DATA FOR THE TASK: Begin

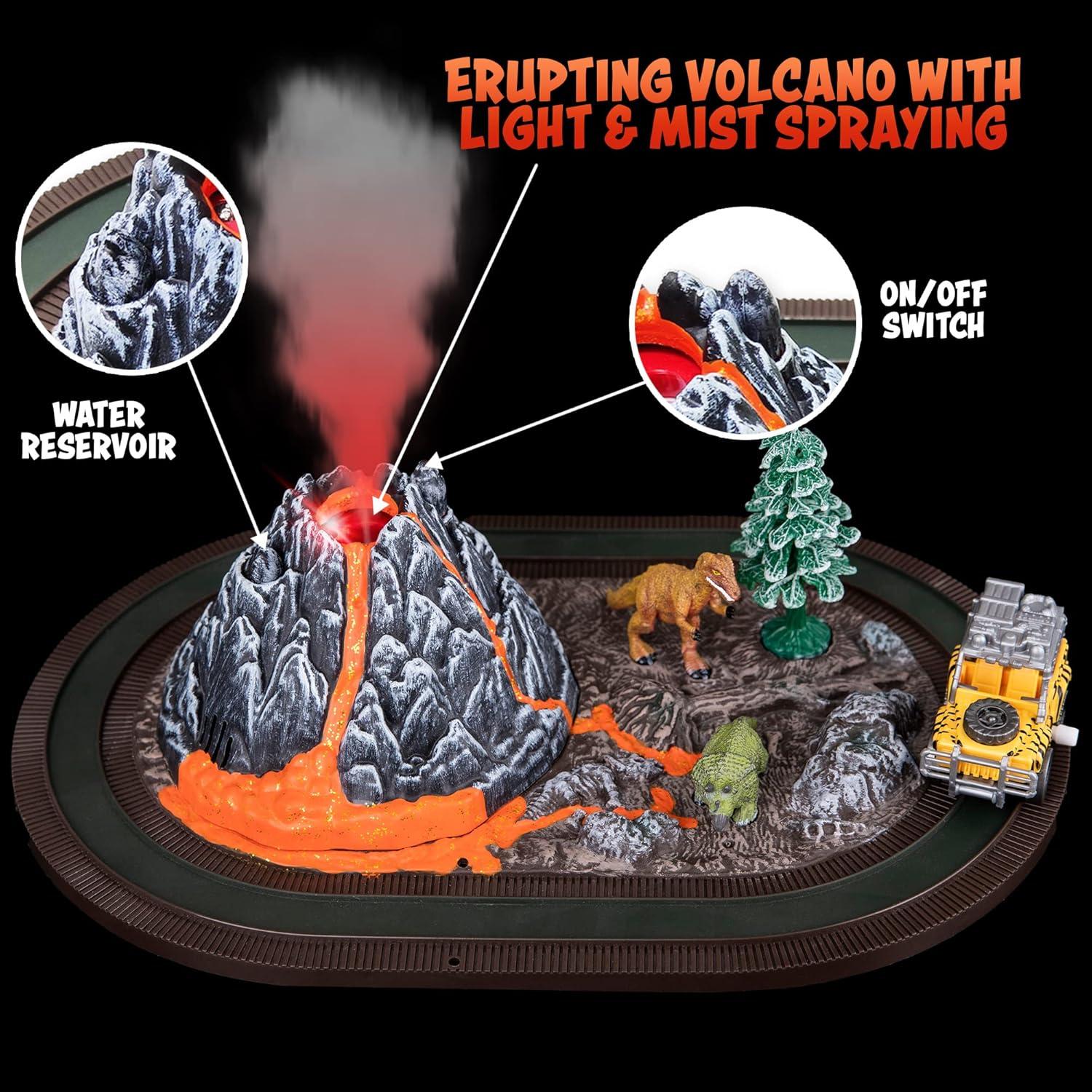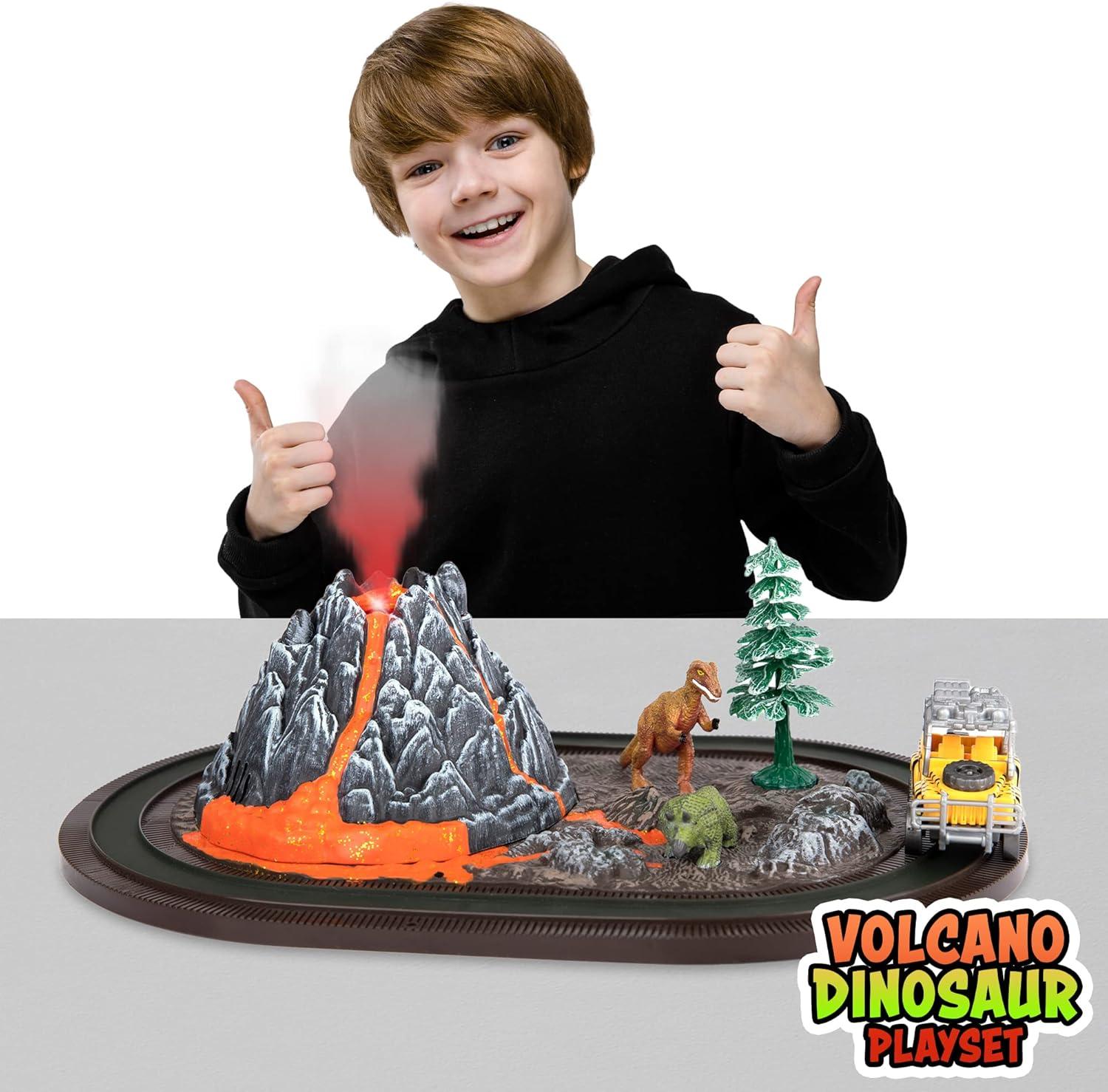 ArtCreativity Dinosaur Playset with Volcano Eruptions, Sounds & Wind-up Truck
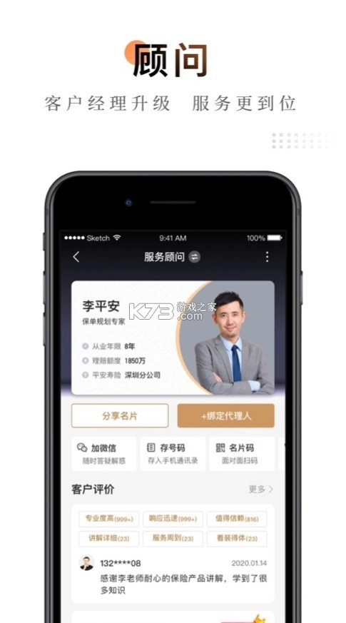 “平安金管家”,为你带来精选保险理财产品与专业金融服务,全方位满足用户金融服务需求。不仅如此,还有多种活动豪礼等你领取。平安金管家 APP 注册量已突破 1 亿用户。它是中国平安人寿保险推出的移动生活金融管家,能为用户提供保险保单、财富增值、丰富活动以及健康管理等全方位移动金融生活服务。 平安金管家先后融入健康管理、保单服务、金融理财、生活助手等全面的金融服务功能。借助这些功能,用户可轻松管理与查询保单信息,进行线上投保以及咨询问题,资金账户管理也更为便捷,随时随地购买心仪理财产品。其独特的健康生活板块,让用户享受全面的医疗健康服务,家庭医生随时问诊,健康资讯即时接收,健康习惯随时管理。
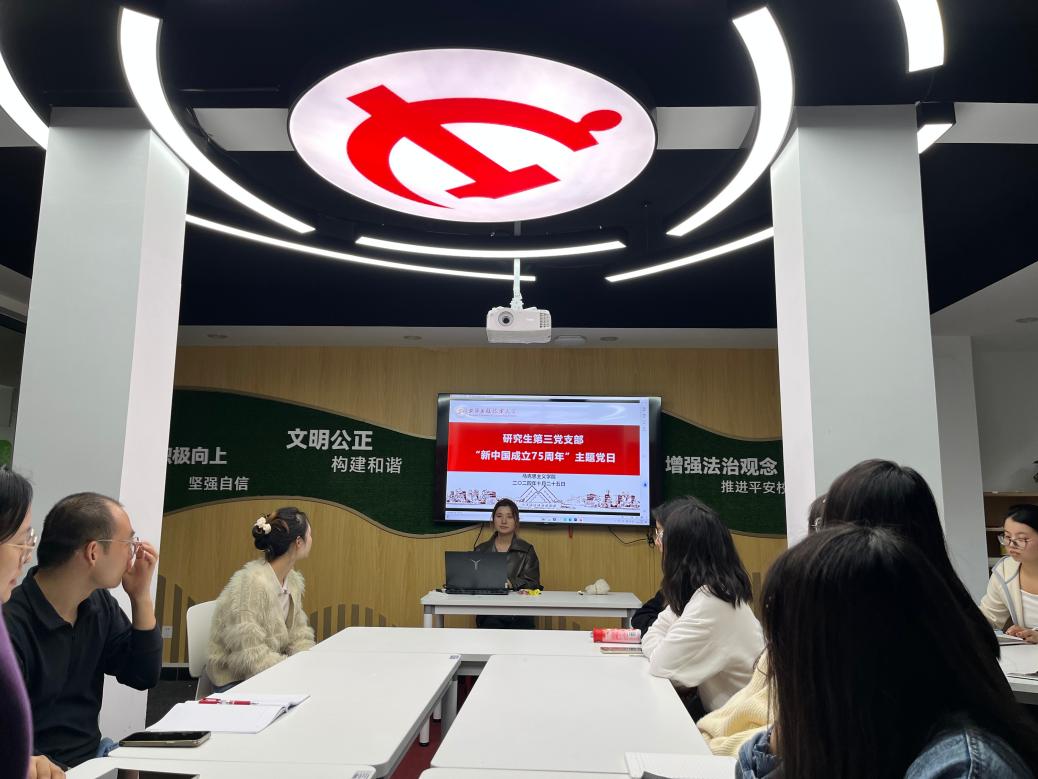 为庆祝中华人民共和国成立75周年,大力弘扬社会主义核心价值观,表达对祖国深深的热爱和美好祝福,英国365上市公司研究生第三党支部于2024年10月21日下午在一站式服务中心红心筑梦空间举办“新中国成立75周年文化建设成就和经验”主题党日活动。
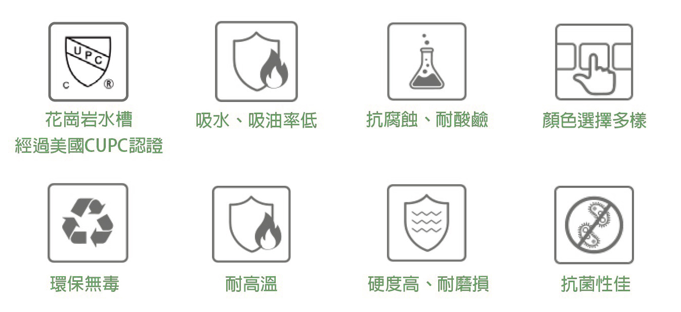 能夠抵抗日常生活中的磨損、凹陷、切割、破裂、 染色以及抗菌等等,是廚房水槽的最佳材質。
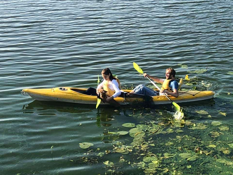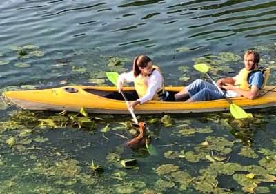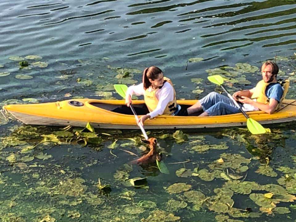 Недільний ранок. Лисиця перепливаючи через гребний канал заплуталася у жилці та лататті. Її врятували молоді люди які пропливали поруч на байдарці. Подяка Наталі і Саші!

DATA FOR THE TASK: End

→ **WHAT THE EXERCISE ASKS**
Word for word, write out the whole listing, keeping none of the pictures.

→ **RESULT FOR THIS TASK**
 ArtCreativity Dinosaur Playset with Volcano Eruptions, Sounds & Wind-up Truck
 “平安金管家”,为你带来精选保险理财产品与专业金融服务,全方位满足用户金融服务需求。不仅如此,还有多种活动豪礼等你领取。平安金管家 APP 注册量已突破 1 亿用户。它是中国平安人寿保险推出的移动生活金融管家,能为用户提供保险保单、财富增值、丰富活动以及健康管理等全方位移动金融生活服务。 平安金管家先后融入健康管理、保单服务、金融理财、生活助手等全面的金融服务功能。借助这些功能,用户可轻松管理与查询保单信息,进行线上投保以及咨询问题,资金账户管理也更为便捷,随时随地购买心仪理财产品。其独特的健康生活板块,让用户享受全面的医疗健康服务,家庭医生随时问诊,健康资讯即时接收,健康习惯随时管理。
 为庆祝中华人民共和国成立75周年,大力弘扬社会主义核心价值观,表达对祖国深深的热爱和美好祝福,英国365上市公司研究生第三党支部于2024年10月21日下午在一站式服务中心红心筑梦空间举办“新中国成立75周年文化建设成就和经验”主题党日活动。
 能夠抵抗日常生活中的磨損、凹陷、切割、破裂、 染色以及抗菌等等,是廚房水槽的最佳材質。
 Недільний ранок. Лисиця перепливаючи через гребний канал заплуталася у жилці та лататті. Її врятували молоді люди які пропливали поруч на байдарці. Подяка Наталі і Саші!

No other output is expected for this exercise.